すず(急がなきゃ、たくやさん待たせちゃう……!)
マンションのエントランスに辿り着くと、街灯に照らされたたくやが、壁に背中を預けて立っていた。昼間のラフな格好とは違う、少し大人っぽいシャツ姿に、すずの心臓は一気に跳ね上がる。
たくや「あ、お疲れ様、すずちゃん。……そんなに急がなくて大丈夫なのに。顔、赤いよ?」
すず「はぁ、はぁ……お待たせしました! たくやさん、お仕事帰りなのに、すっごくかっこいいです……」
たくや「……不意打ちでそういうこと言うよね。ほら、お腹空いたでしょ? 近くにいい感じのビストロがあるんだ。行こうか」
二人は夜の街を並んで歩き出す。仕事の疲れも忘れ、すずは今日あった出来事を一生懸命話していた。
すず「それで、先輩が……あわわっ!?」
話に夢中になりすぎて、すずは歩道の段差に思いっきり足を引っ掛けた。
たくや「おっと……危ない!」
ガバッ、と強い力で腕を引かれ、すずの体はたくやの胸の中にすっぽりと収まった。鼻先をかすめる、あの清潔感のある石鹸の香りと、シャツ越しに伝わるたくやの体温。

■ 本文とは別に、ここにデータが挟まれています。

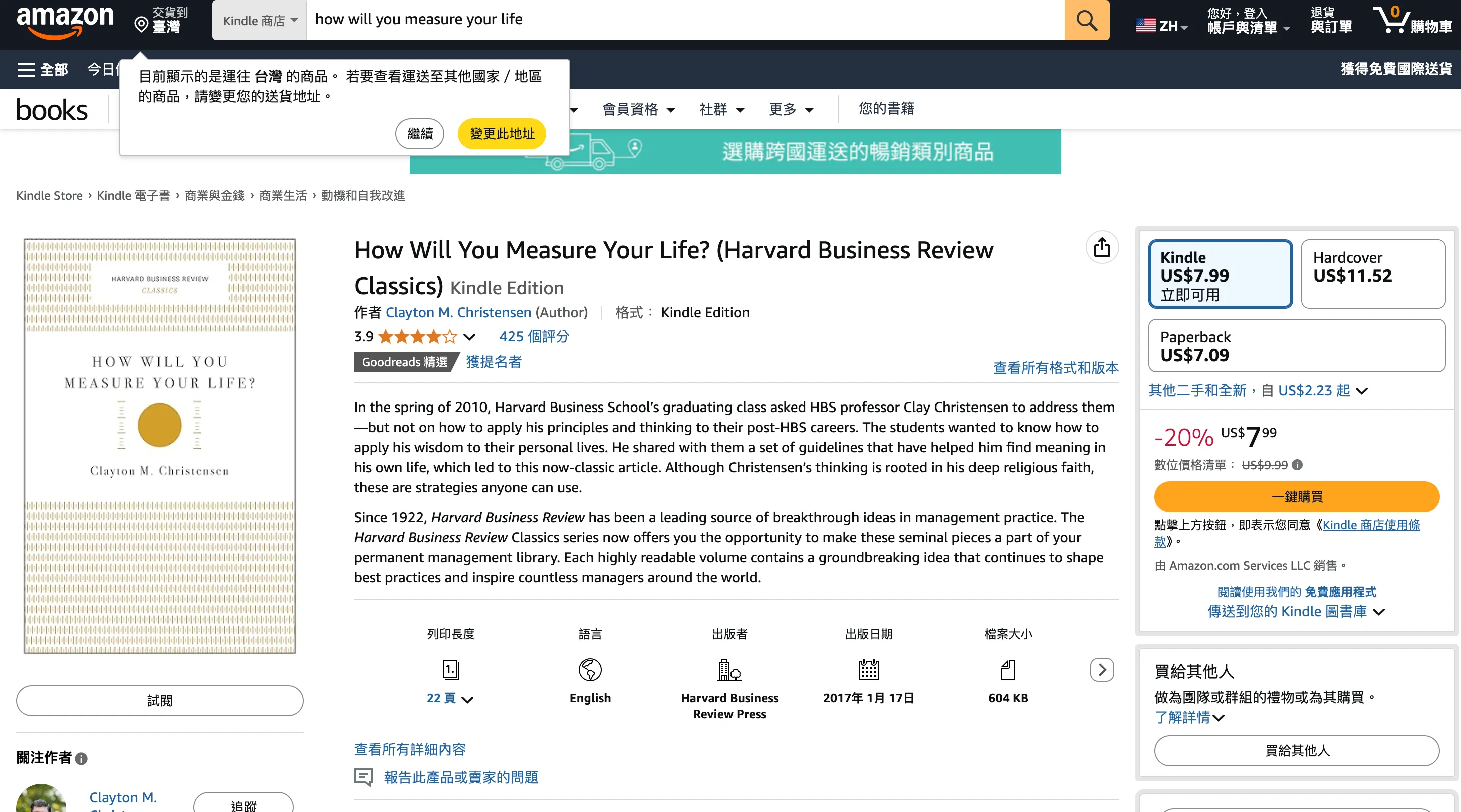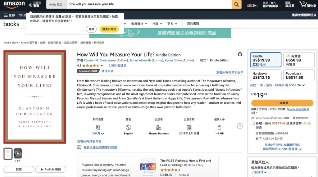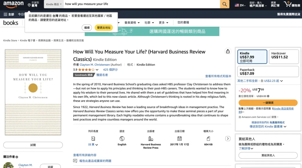 首先,我們在右方看到價差(也看到不同選項:除了 Kindle 電子書以外,還可以買有聲書或是實體書:hardcover 是精裝書而 paperback 則是平裝書,想要實體書的學習者還是可以點開來參考一下是否符合預算)。

すず「ふぇっ……す、すみません! 恥ずかしい……私、本当にどんくさくて……」
たくや「……怪我してない? びっくりした。すずちゃん、危なっかしくて目が離せないよ」
たくやは苦笑いしながらも、すずの腕を離さない。それどころか、するりと手を滑らせて、すずの小さな手を自分の大きな手で包み込んだ。

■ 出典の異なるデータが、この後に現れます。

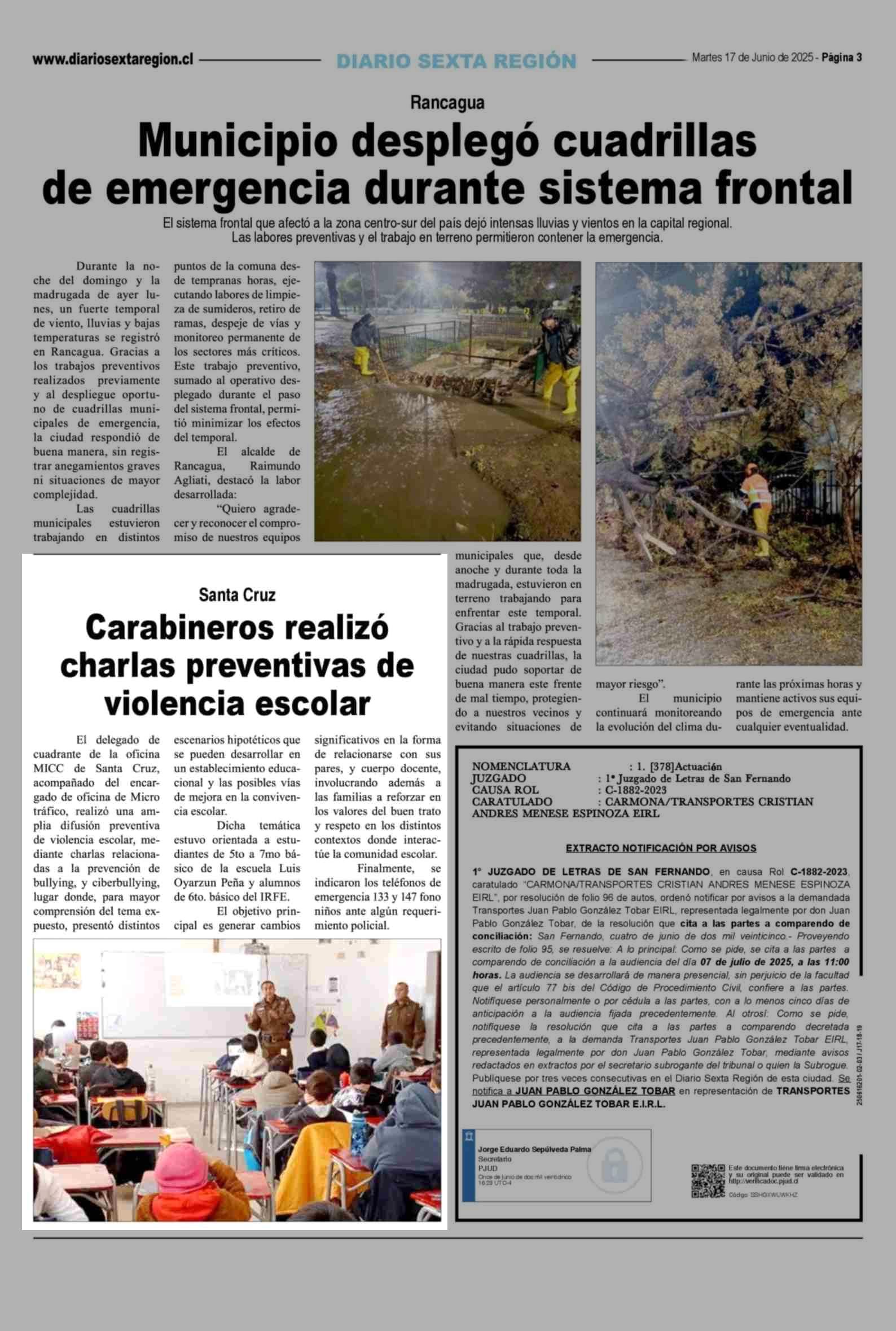 | Fecha: | 17-06-2025 | Sector: | Noticia general | Región: | Región del Libertador General Bernardo O'Higgins |

たくや「……夜道は暗いし、また転んだら大変だから。駅までこうしてていい?」
すず「あ……はいっ。……ありがとうございます」
繋いだ手から伝わるたくやの体温が、仕事の疲れを溶かしていくみたいだった。
お店に着き、美味しい料理を楽しんでいると、デザートのフォンダンショコラが運ばれてきた。
すず「わあ、美味しそう……! いただきます!」
たくや「あはは、すずちゃん、本当に幸せそうに食べるね」
すず「だって、すっごく甘くて……あ」
中から溢れ出したチョコが、すずの唇にちょこんとついてしまった。
たくや「……すずちゃん、またついてるよ」
すず「えっ、どこですか? こっち?」
慌てて自分の指で口元を拭おうとするすずの手を制して、たくやが身を乗り出し、自分の指先でそっとそのチョコを拭った。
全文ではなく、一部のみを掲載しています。